Stephanie Jones, PhD
Associate Professor, Department of Neuroscience, Brown University
Director, Recording, Decoding and Computational Neuroscience Core Center for Neurorestoration and Neurotechnology (CfNN), Providence VA Medical Center
Dr. Jones received her doctorate in mathematics from Boston University, followed by training in neuroscience and human magneto- and electro-encephalography (MEG/EEG) at Massachusetts General Hospital. Dr. Jones’s research program at Brown and CfNN integrates these disciplines to study human brain dynamics in health and disease. A primary focus of her lab is to understand the role of non-invasively measured brain rhythms in sensory and motor processing, and their potential modulation for therapeutic benefits. In collaboration with clinicians, cognitive neuroscientist, and animal neurophysiologists her group is investigating the impact of neuromodulation from behavioral techniques (e.g., mindfulness-based stress reduction, MBSR) and non-invasive brain stimulation (e.g., transcranial magnetic stimulation, TMS) for improved health.
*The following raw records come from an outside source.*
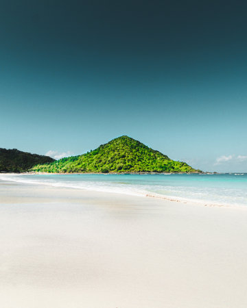 Beautiful landscape of Senggigi beach, Lombok island, scenic travel destination beach with crystal blue waters, Indonesia
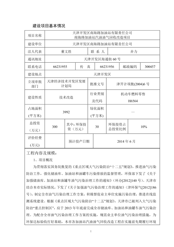 天津开发区南海路加油站有限责任公司南海路加油站汽油油气回收改造项目环境影响报告表受理情况公示-天津经济技术开发区环境保护局1813
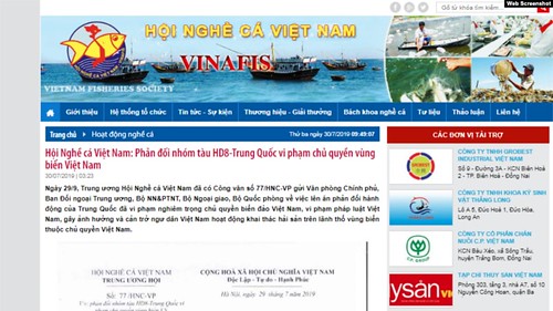 Hội nghề cá phản đối hành động vi phạm vùng biển Việt Nam của tàu Trung Quốc (RFA, 30/07/2019)
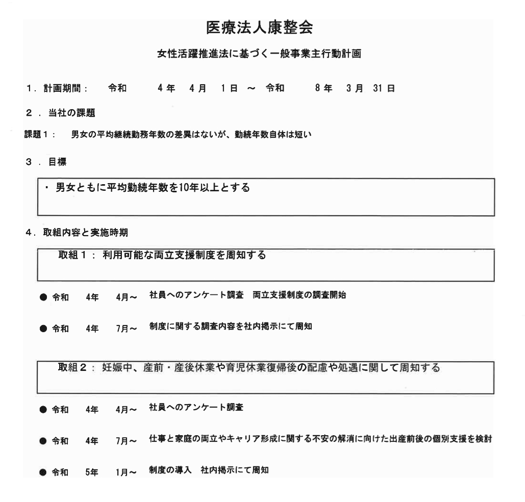 医療法人 康整会は 次世代育成支援対策推進法に基づき「一般事業主行動計画」を公表いたします
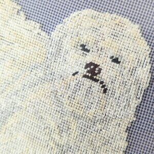 Finished and framed needlepoint / cross stitch art Maltese dog portrait

Jorge Armesto, PhD, Ed.M. C-IAYT
Clinical Psychologist, Private Practice
Dr. Armesto is a bilingual clinical psychologist in private practice in Rhode Island, where he works with linguistically diverse communities. Jorge is passionate about the intersection of psychology, mindfulness, spirituality, and body-focused practices. His work seeks to understand how multiple sources of oppression and resiliency intersect and inform the lived experiences of individuals, groups, and communities. Jorge is a Certified Mindful Self-Compassion teacher and Certified Yoga Therapist. He is section faculty at the Institute for Meditation & Psychotherapy Certificate Program and has a research psychologist appointment at the Providence VA. Central to Jorge’s clinical work and teaching is helping individuals and groups practice being more compassionate toward themselves and others. He believes that we transform suffering by connecting heart, body, mind, and spirit. Jorge practices in the Thich Nhat Hanh tradition. In his free time, Jorge loves to cook, dance to the Afro-Cuban rhythms of salsa, build community, and spend time with family, friends, and his poodle, Tashi.
This event was organized for Brain Week Rhode Island by the Center for Neurorestoration and Neuotechnology (CfNN) at the Providence VA Medical Center and Butler Hospital.